About this exercise:
Among the entries below, copy only the span from the line containing "Työn taakse kirjoitin" through the line containing "전기차 충전 비즈니스". Do so exactly, and skip the pictures.

Supplied records:
········

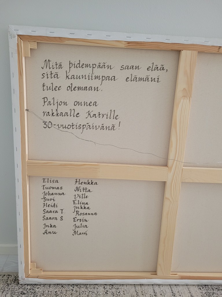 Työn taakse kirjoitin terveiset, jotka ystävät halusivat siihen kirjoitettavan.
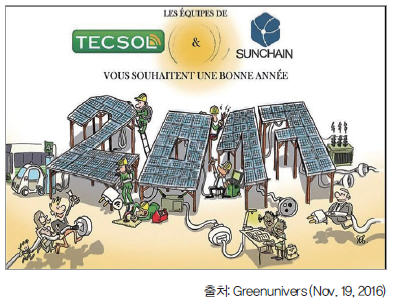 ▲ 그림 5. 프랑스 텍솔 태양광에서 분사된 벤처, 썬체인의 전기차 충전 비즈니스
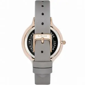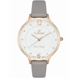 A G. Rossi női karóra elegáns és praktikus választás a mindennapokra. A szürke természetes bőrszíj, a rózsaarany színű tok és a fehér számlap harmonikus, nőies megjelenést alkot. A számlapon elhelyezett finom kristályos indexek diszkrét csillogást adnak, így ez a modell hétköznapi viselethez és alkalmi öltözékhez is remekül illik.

········

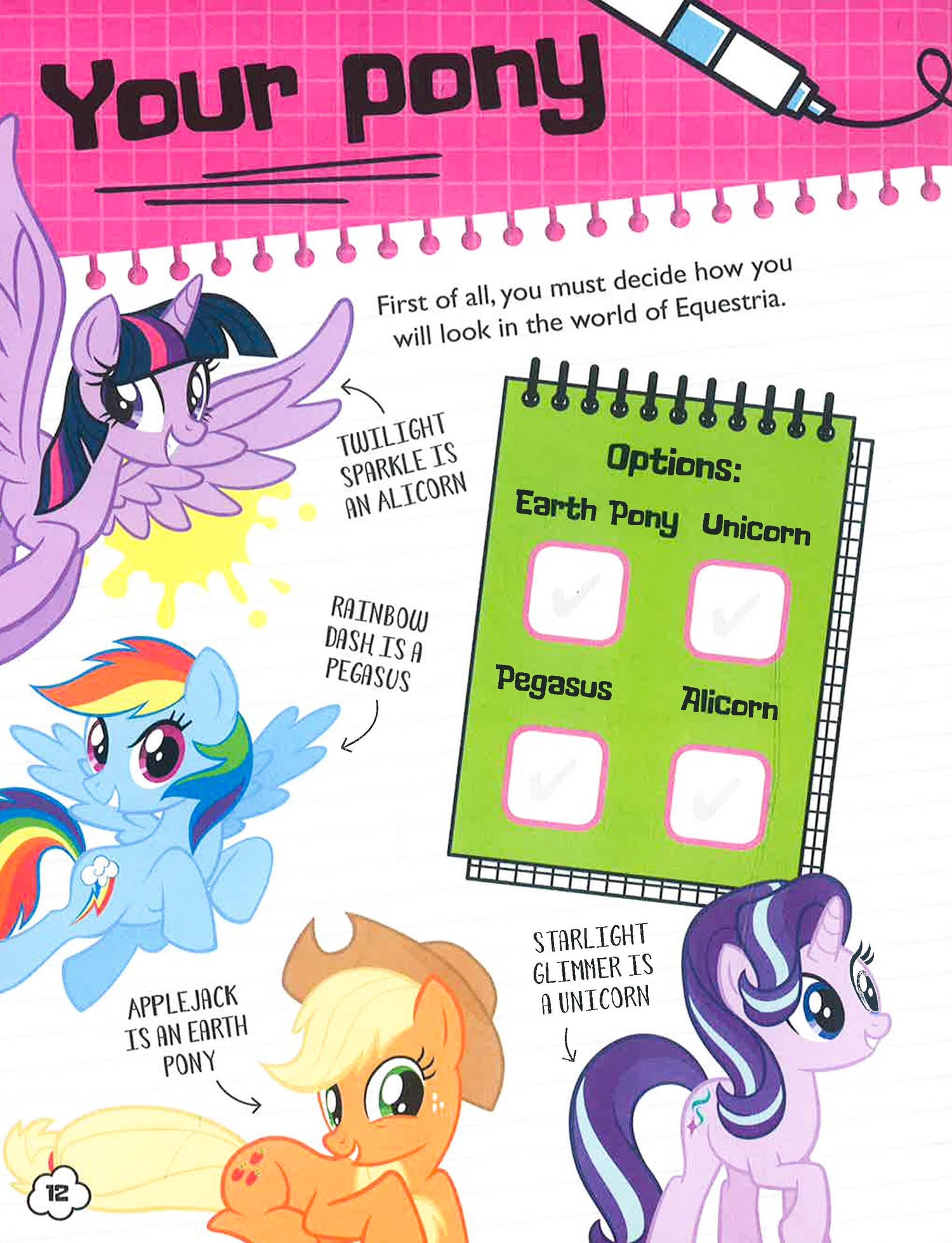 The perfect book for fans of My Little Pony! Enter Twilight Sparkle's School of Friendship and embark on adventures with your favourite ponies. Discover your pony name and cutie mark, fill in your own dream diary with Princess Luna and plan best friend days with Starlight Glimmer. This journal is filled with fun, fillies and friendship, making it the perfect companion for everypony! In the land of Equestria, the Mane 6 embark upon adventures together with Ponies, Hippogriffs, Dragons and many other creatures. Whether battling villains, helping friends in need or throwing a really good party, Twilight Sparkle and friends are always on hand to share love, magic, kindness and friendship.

········

Finished task:
 Työn taakse kirjoitin terveiset, jotka ystävät halusivat siihen kirjoitettavan.
 ▲ 그림 5. 프랑스 텍솔 태양광에서 분사된 벤처, 썬체인의 전기차 충전 비즈니스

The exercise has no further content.